Below this line are records; transcribe exactly the lines between the one holding "I wanted to print" and the one holding "HUSSAIN SHAH | |||", inclusive, and omit the pictures.

**Exercise inputs:**
-- Opening Marker --
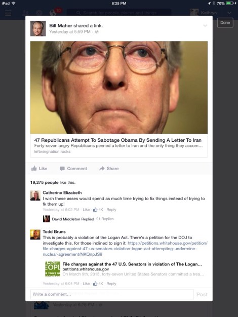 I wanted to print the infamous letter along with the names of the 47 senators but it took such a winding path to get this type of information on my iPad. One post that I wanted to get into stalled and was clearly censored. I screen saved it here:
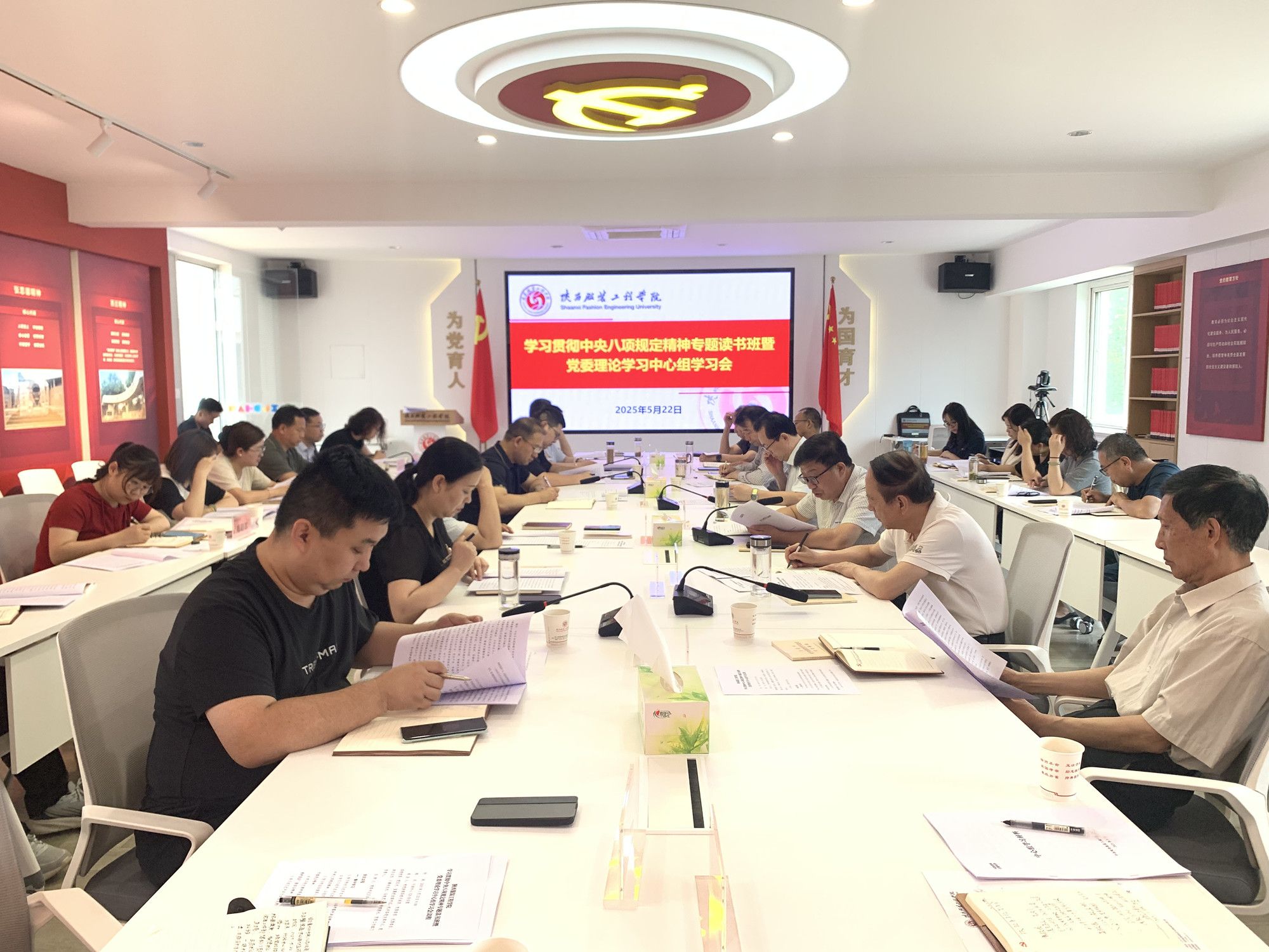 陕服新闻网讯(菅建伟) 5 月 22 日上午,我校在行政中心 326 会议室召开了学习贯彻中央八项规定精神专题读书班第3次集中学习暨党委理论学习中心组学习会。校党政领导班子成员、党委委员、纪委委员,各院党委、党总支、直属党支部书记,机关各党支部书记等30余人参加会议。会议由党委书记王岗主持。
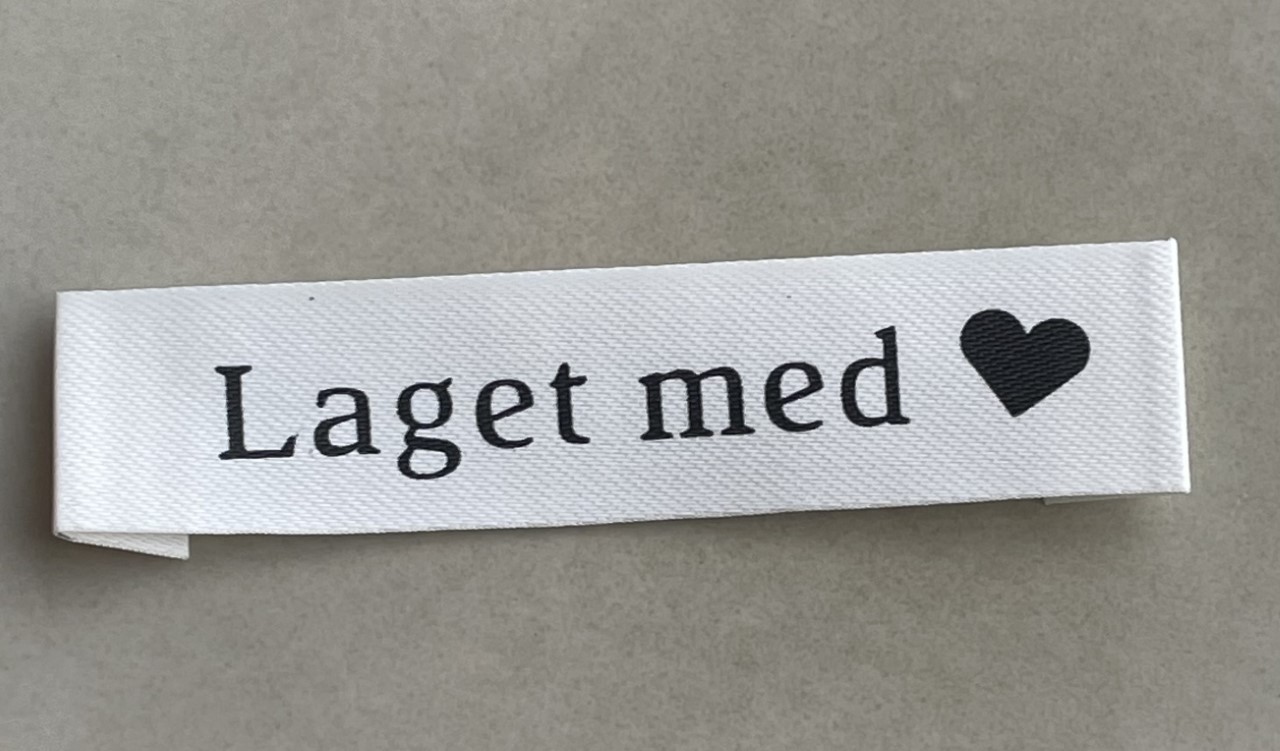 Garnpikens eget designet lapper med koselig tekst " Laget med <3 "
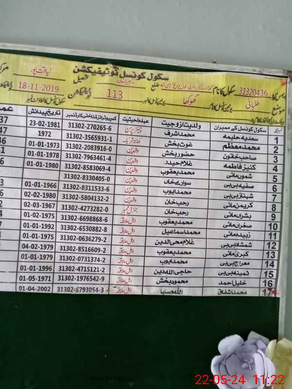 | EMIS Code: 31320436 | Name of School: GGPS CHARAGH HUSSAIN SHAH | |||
-- Closing Marker --
-- Opening Marker --
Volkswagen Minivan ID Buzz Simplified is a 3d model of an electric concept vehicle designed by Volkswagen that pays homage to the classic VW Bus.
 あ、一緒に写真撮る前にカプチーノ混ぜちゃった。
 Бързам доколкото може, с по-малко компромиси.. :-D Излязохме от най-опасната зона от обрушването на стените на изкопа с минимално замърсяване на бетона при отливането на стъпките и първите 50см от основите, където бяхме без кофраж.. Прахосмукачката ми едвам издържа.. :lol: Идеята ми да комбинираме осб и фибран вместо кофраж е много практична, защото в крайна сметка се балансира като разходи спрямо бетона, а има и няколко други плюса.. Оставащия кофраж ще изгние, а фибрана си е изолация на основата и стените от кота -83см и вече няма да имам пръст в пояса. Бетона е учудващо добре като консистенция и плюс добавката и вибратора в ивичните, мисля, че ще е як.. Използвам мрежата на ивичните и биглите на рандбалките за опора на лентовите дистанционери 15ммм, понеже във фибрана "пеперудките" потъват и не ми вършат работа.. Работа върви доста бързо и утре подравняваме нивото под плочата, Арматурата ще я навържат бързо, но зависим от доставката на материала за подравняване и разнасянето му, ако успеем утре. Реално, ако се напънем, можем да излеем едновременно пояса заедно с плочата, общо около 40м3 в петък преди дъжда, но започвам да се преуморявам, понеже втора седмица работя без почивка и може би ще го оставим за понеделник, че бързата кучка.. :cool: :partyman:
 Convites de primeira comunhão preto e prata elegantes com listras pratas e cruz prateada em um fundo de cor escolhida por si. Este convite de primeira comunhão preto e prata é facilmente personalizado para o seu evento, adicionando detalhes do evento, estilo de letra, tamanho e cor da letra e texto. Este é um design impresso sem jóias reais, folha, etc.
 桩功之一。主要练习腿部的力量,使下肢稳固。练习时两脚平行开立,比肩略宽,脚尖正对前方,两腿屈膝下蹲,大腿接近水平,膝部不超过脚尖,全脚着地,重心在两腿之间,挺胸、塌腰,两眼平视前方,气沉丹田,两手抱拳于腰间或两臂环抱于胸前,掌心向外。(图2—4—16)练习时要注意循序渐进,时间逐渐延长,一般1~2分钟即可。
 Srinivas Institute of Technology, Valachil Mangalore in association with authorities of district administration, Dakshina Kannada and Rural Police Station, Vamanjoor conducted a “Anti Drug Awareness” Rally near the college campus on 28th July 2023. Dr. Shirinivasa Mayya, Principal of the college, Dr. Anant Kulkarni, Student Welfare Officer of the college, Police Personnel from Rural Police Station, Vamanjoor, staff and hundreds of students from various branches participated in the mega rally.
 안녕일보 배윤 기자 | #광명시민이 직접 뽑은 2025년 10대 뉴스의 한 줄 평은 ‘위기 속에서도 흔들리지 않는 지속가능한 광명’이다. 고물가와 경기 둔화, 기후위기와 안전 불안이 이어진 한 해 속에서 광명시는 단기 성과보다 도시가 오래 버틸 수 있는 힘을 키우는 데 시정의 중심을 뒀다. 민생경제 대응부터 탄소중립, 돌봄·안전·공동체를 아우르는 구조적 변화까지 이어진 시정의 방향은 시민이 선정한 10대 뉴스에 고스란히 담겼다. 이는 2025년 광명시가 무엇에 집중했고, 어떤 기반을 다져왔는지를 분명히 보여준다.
-- Closing Marker --
-- Opening Marker --
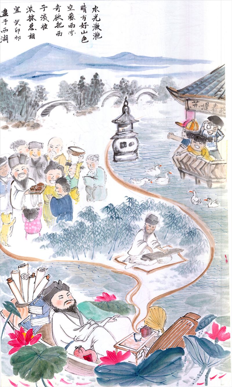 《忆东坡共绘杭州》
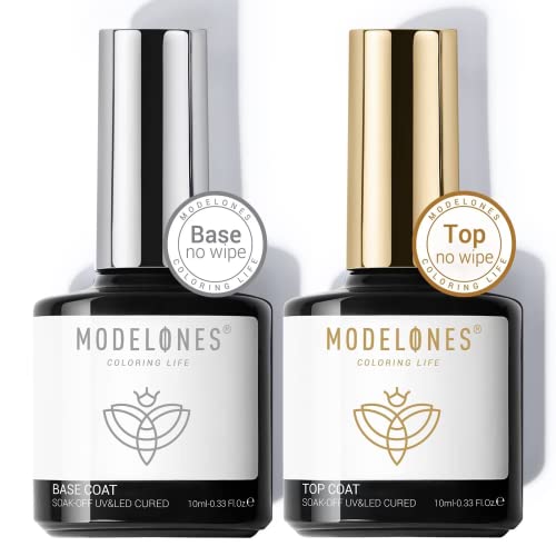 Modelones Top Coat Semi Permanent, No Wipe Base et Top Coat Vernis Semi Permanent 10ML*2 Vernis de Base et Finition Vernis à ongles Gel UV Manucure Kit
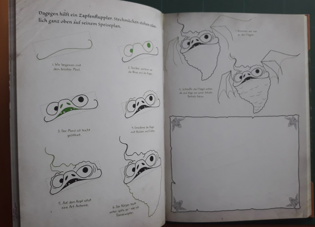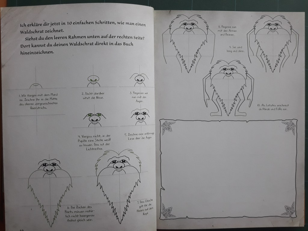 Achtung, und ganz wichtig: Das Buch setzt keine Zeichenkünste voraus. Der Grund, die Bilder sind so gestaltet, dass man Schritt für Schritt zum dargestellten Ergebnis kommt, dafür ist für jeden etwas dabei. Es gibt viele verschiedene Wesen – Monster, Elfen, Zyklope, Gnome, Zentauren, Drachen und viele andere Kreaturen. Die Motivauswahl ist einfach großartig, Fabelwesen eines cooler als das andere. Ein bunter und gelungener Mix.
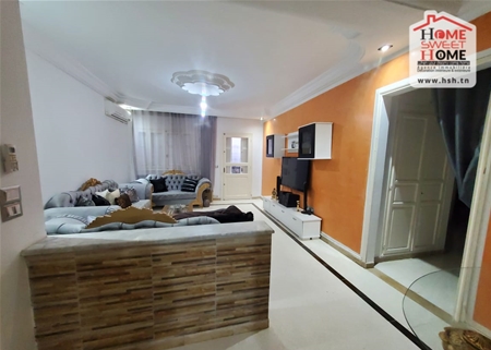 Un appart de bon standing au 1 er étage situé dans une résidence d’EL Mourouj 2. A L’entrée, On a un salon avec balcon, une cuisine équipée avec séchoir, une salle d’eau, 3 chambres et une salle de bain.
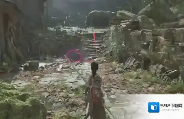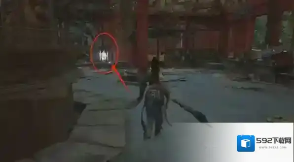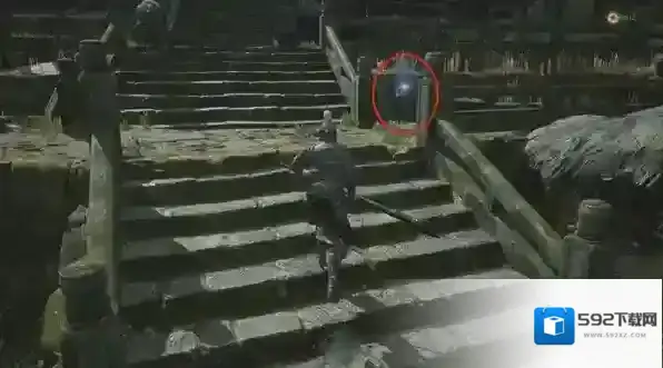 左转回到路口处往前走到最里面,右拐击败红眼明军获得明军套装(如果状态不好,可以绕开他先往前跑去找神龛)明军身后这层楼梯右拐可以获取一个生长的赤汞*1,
-- Closing Marker --
**Solution:**
 I wanted to print the infamous letter along with the names of the 47 senators but it took such a winding path to get this type of information on my iPad. One post that I wanted to get into stalled and was clearly censored. I screen saved it here:
 陕服新闻网讯(菅建伟) 5 月 22 日上午,我校在行政中心 326 会议室召开了学习贯彻中央八项规定精神专题读书班第3次集中学习暨党委理论学习中心组学习会。校党政领导班子成员、党委委员、纪委委员,各院党委、党总支、直属党支部书记,机关各党支部书记等30余人参加会议。会议由党委书记王岗主持。
 Garnpikens eget designet lapper med koselig tekst " Laget med <3 "
 | EMIS Code: 31320436 | Name of School: GGPS CHARAGH HUSSAIN SHAH | |||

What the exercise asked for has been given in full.